UK firm Optoscribe, which specializes in 3D waveguides for applications in optical communications, is set to expand staff numbers and manufacturing thanks to a £1.2 million venture funding round.
The company spun out of Heriot-Watt University in 2010 and is based between Glasgow and Edinburgh in Livingston. It has won backing from the business angel syndicate Archangels (£825,000), along with Edinburgh venture group Par Equity (£325,000) and the Scottish Investment Bank (£50,000).
Under CEO Nicholas Psaila, the company has developed a series of waveguide products based on three-dimensional refractive index modulations. For example, Optoscribe’s “3D Optofan” devices are able to connect between singlemode and multicore optical fibers, while the “FCX” Fiber Coupled InterconneX glass components (see photo above) act as an interface between fiber and arrays of VCSELs or photonic integrated circuits (PICs).
In a statement from the firm, Psaila said: “This investment round will enable a significant transformation of Optoscribe, allowing the company to substantially increase its capabilities through hiring further experienced staff and an expansion to its manufacturing facilities.”
David Ovens, COO at investor Archangels, added: “Optoscribe is an impressive business with innovative technology that has the potential to disrupt the market in which it is used and underline Scotland’s reputation in technological development.
“Our members were clearly impressed by Optoscribe’s potential as this fundraising round was significantly oversubscribed. We look forward to supporting the business further as it grows.”

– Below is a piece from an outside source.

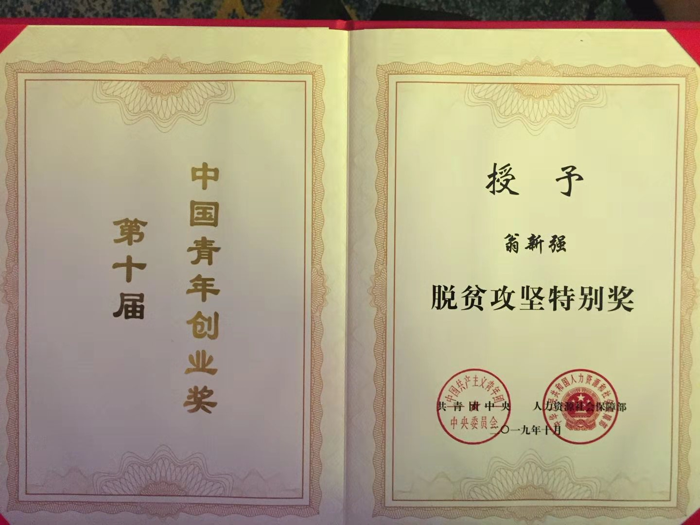 今年5月,第十届“中国青年创业奖”评选表彰活动启动,全国青年创业者踊跃报名,并最终确定20名“中国青年创业奖”获奖者,6名“脱贫攻坚特别奖”获奖者和6名“促进就业特别奖”获奖者。翁新强凭借其多年来坚持在产业扶贫一线的朴实经历,成为本届评选中湖北省的唯一获奖者。

Optoscribe says it already has development contracts with a range of well-known technology companies, to which it supplies its products for research and development activity, adding:
“The newly invested funds will be used by Optoscribe to invest in manufacturing facilities to allow it to scale the business and capitalise on the opportunities for its technology, with a particular focus on its FCX product line that is targeted at the data communications market.”

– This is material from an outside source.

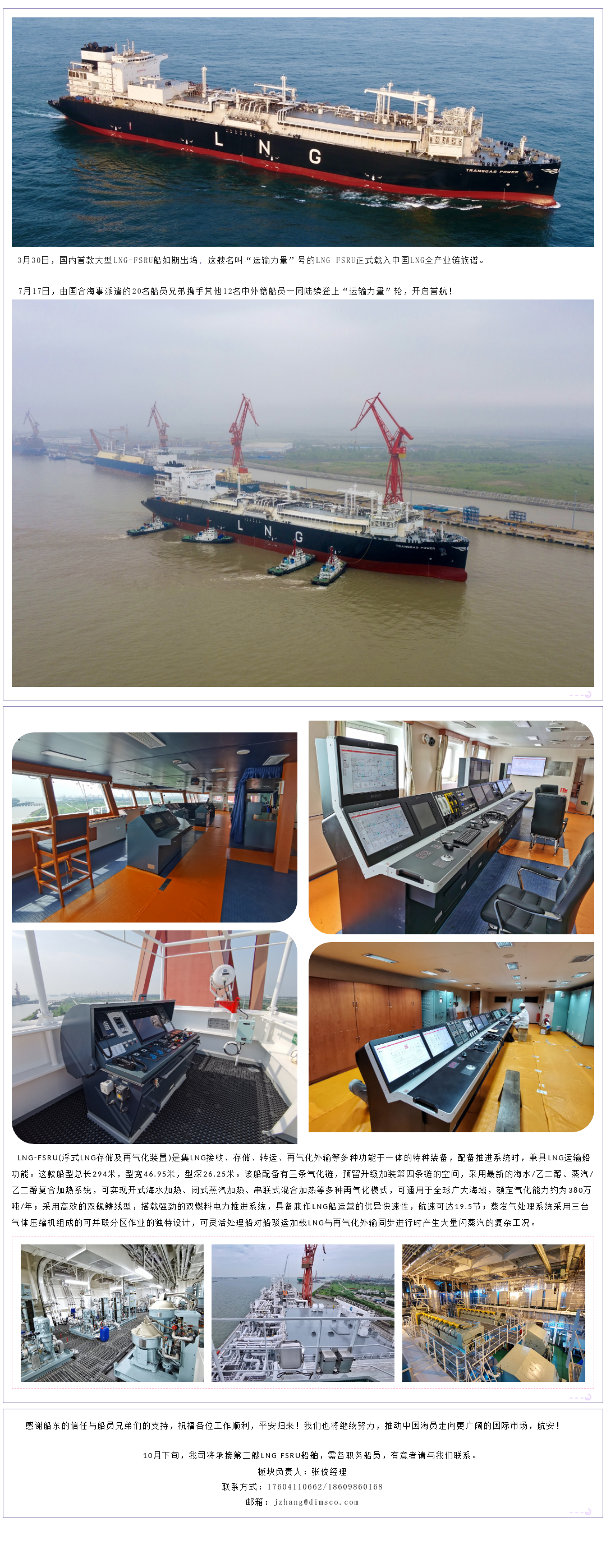 我司派员中国第一艘LNG-FSRU“运输力量”轮扬帆起航!

European project involvement
The company moved to the current Livingston facility – which features a cleanroom for wafer processing - in early 2014, having initially set itself up at nearby Alba Innovation Centre run by Scottish Enterprise.
Robert Higginson from the venture investor Par Equity said of the company’s product line-up: “Optoscribe is selling into a very large and fast-growing market, and one which is quick to adopt new technologies that reduce costs or increase capacity.”
He added that although Optoscribe is still a young company, its efforts to commercialize and ramp device production would be accelerated by the strong customer pull for technological progress in the optical communications sector.
“When combined with the development agreements the company has with banner names in its industry and the quality of the people involved, we are excited to play a part in the company’s future,” he said.
Optoscribe has also been involved in a series of development projects funded by the European Commission. The three-year “MIRAGE” project on terabit-speed optical interconnects, which ran until late last year, included the US-Israeli interconnect firm Mellanox among its partners, while the Swiss communications giant Ericsson and Finisar’s Israeli division worked with Optoscribe as part of the “ASTRON” consortium to develop an integrated optical transceiver.
The “INSPACE” project on spatial-spectral flexible optical networking also involved Finisar, alongside Telefonica and others.